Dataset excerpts
[Start of Attachment]

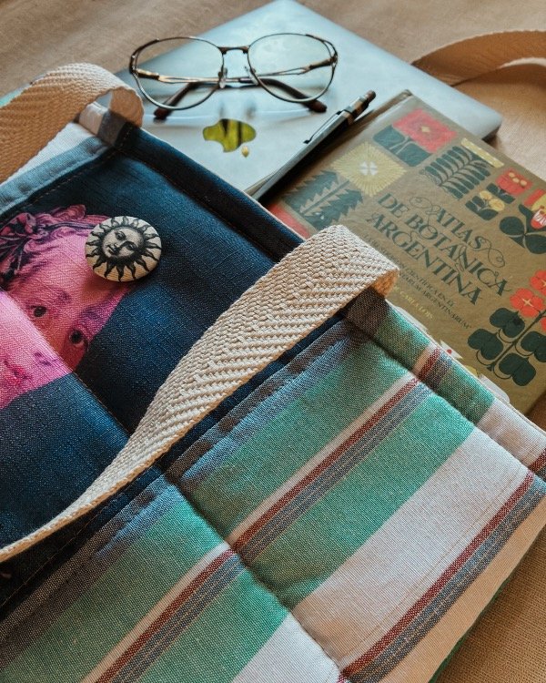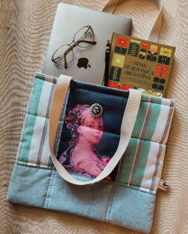 Bolsos acolchados realizados artesanalmente con la técnica de patchwork, combinando imágenes y telas vintage.
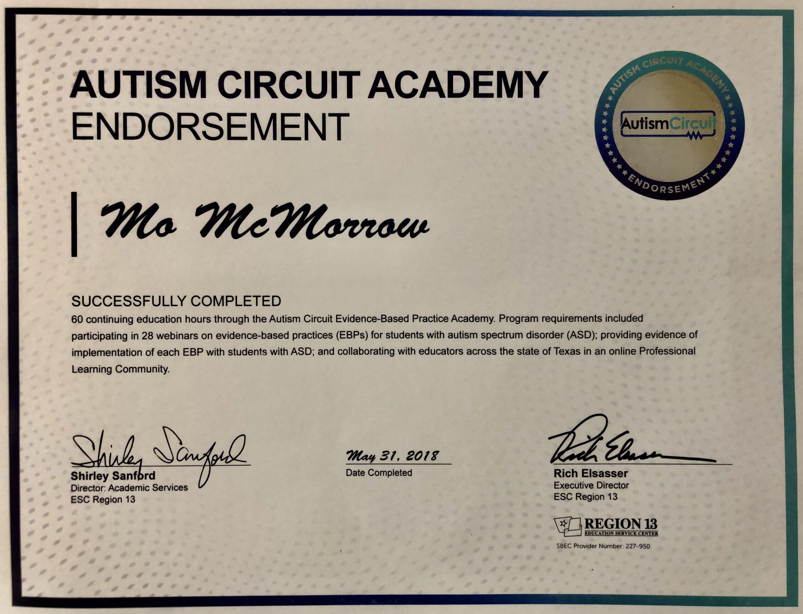 and is a certified Trauma Practicioner CTP-E, Graduate of the Autism Circuit Academy, Yoga Teacher through Breath for Change (200hrs) and a Certified Mindfulness Instructor through Mindful Schools to name a few.
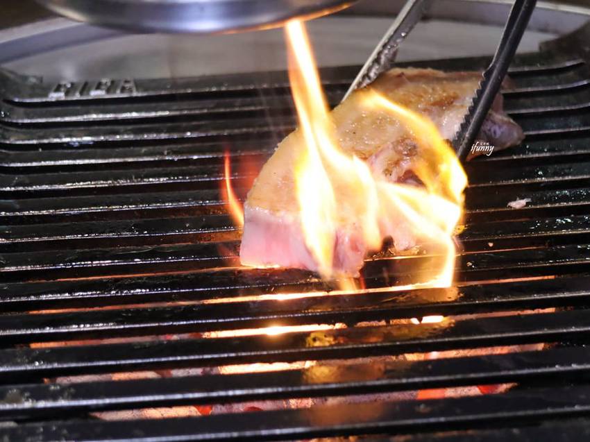 在火焰的熾烤之下,豬五花顯現出焦黃的色澤,真是太誘人了啦!
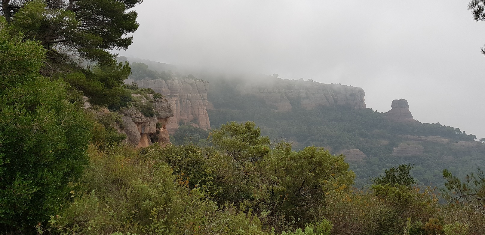 El camí baixa per un rocam fins arribar a la canal que és un xic tenebrosa. Després arribem a un bosquet que ja ens porta directament als camins de la urbanització on havíem deixat els cotxes.
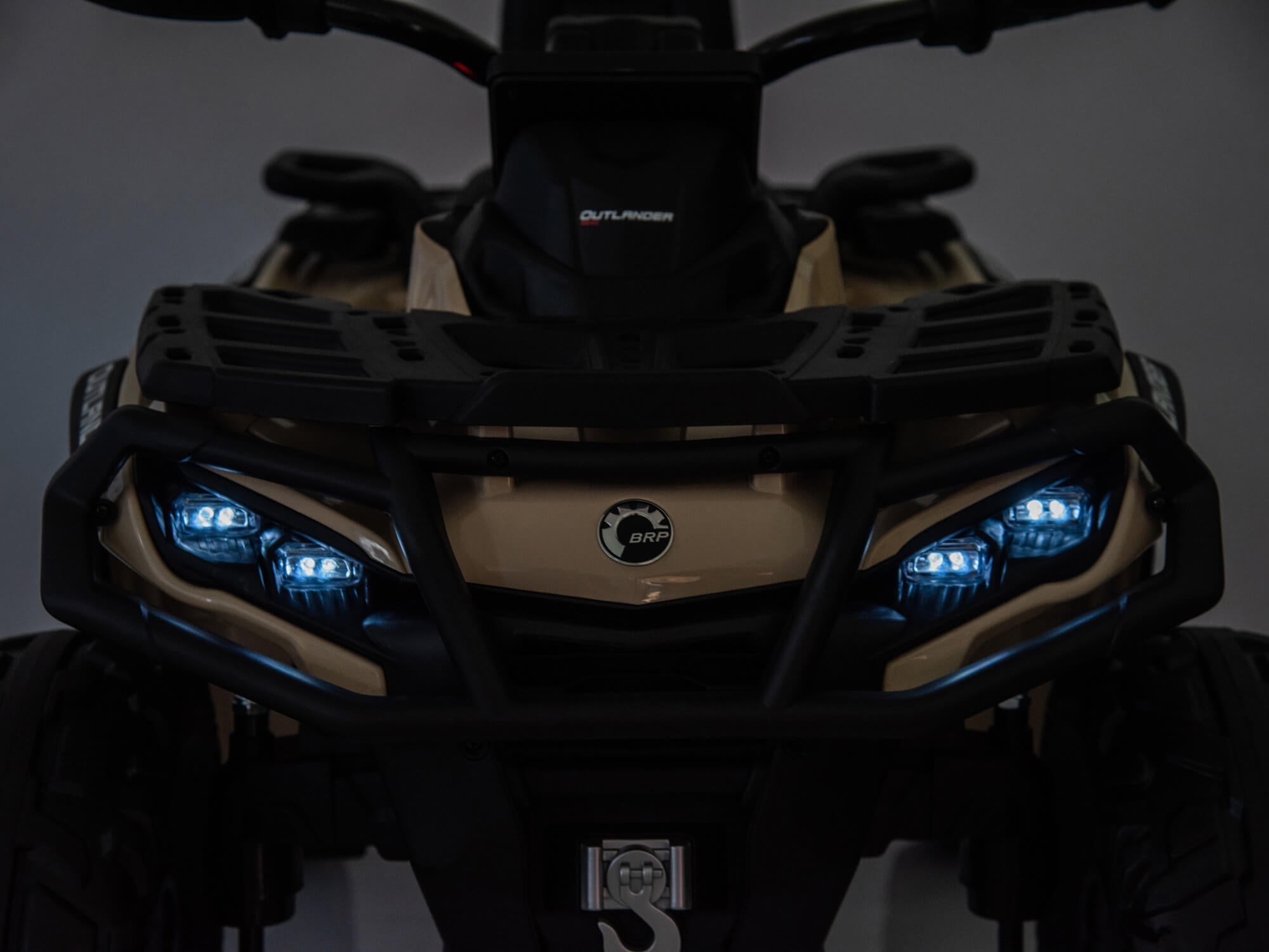 Leve seu pequeno piloto para aventuras emocionantes com o Can-Am Outlander Desert Tan 24V! Este quad infantil 4WD de dois lugares combina potência, conforto e tecnologia segura, garantindo diversão para crianças de 3 a 8 anos. Com assento em couro vegano para dois, faróis LED, suspensão traseira e media player integrado, proporciona uma experiência completa. Disponível nas versões STANDARD (rodas plásticas) e PREMIUM (rodas EVA), para passeios mais suaves e aderentes. Suporta até 50 kg combinados e oferece velocidades de 3–8 km/h.
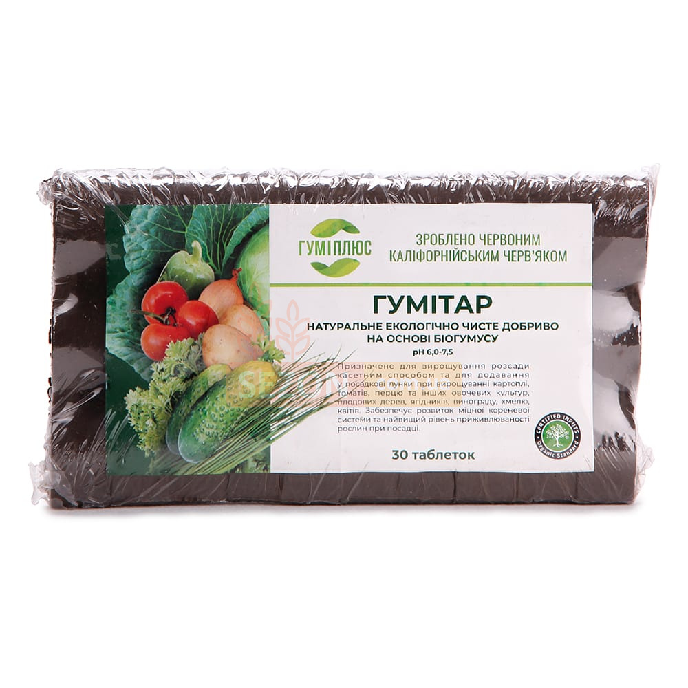 Гумитар – это натуральное, экологически чистое удобрение в форме торфобиогумусных таблеток на основе биогумуса (вермикомпоста). Предназначено для выращивания рассады, питания корневой системы и улучшения приживаемости растений. Продукт не содержит возбудителей заболеваний и семян сорняков, полностью безопасен для человека и окружающей среды.
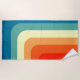 This beach towel has a 1970s design of concentric squares in retro shades of blue, white, and orange.
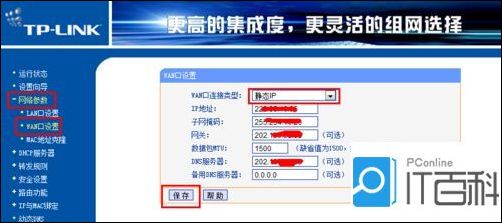 4、接着以“192.168.0.1”作为主路由器管理地址进行登陆。切换至“WAN接口”项,根据电信服务商所提供的连接类型来选择“WLan口连接类型”,本例以静态IP地址为例进行讲解。如果电信服务商提供的是静态IP地址登陆方式,则根据所提供的IP相关信息进行设置:
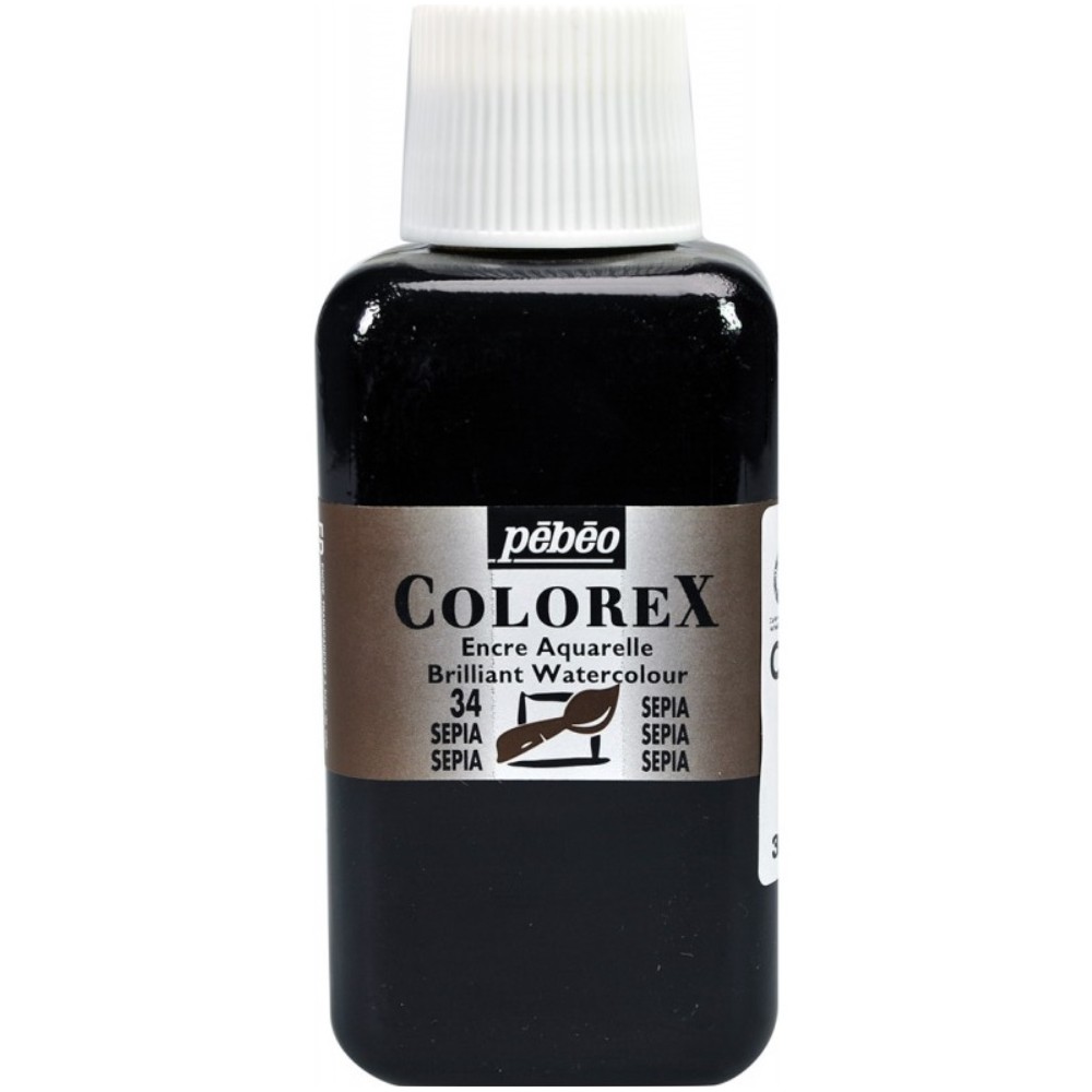 Sépia - Encre aquarelle Colorex 45ml Pébéo - C'est l'encre aquarelle préférée de tous les illustrateurs et dessinateurs professionnels qui la recherchent pour sa lumière, son rendu velouté et ses aplats parfaitement unis. Grâce à la vivacité de ses 60 couleurs et à son étonnante concentration, l'encre Colorex s'est imposée comme la référence mondiale des écoles d'art.

[End of Attachment]

▶ What to work on
The reply should hold exactly the lines above, starting at the line with "在火焰的熾烤之下,豬五花顯現出焦黃的色澤,真是太誘人了啦!" and ending at the line with "Гумитар – это", and no pictures.

▶ Solution
 在火焰的熾烤之下,豬五花顯現出焦黃的色澤,真是太誘人了啦!
 El camí baixa per un rocam fins arribar a la canal que és un xic tenebrosa. Després arribem a un bosquet que ja ens porta directament als camins de la urbanització on havíem deixat els cotxes.
 Leve seu pequeno piloto para aventuras emocionantes com o Can-Am Outlander Desert Tan 24V! Este quad infantil 4WD de dois lugares combina potência, conforto e tecnologia segura, garantindo diversão para crianças de 3 a 8 anos. Com assento em couro vegano para dois, faróis LED, suspensão traseira e media player integrado, proporciona uma experiência completa. Disponível nas versões STANDARD (rodas plásticas) e PREMIUM (rodas EVA), para passeios mais suaves e aderentes. Suporta até 50 kg combinados e oferece velocidades de 3–8 km/h.
 Гумитар – это натуральное, экологически чистое удобрение в форме торфобиогумусных таблеток на основе биогумуса (вермикомпоста). Предназначено для выращивания рассады, питания корневой системы и улучшения приживаемости растений. Продукт не содержит возбудителей заболеваний и семян сорняков, полностью безопасен для человека и окружающей среды.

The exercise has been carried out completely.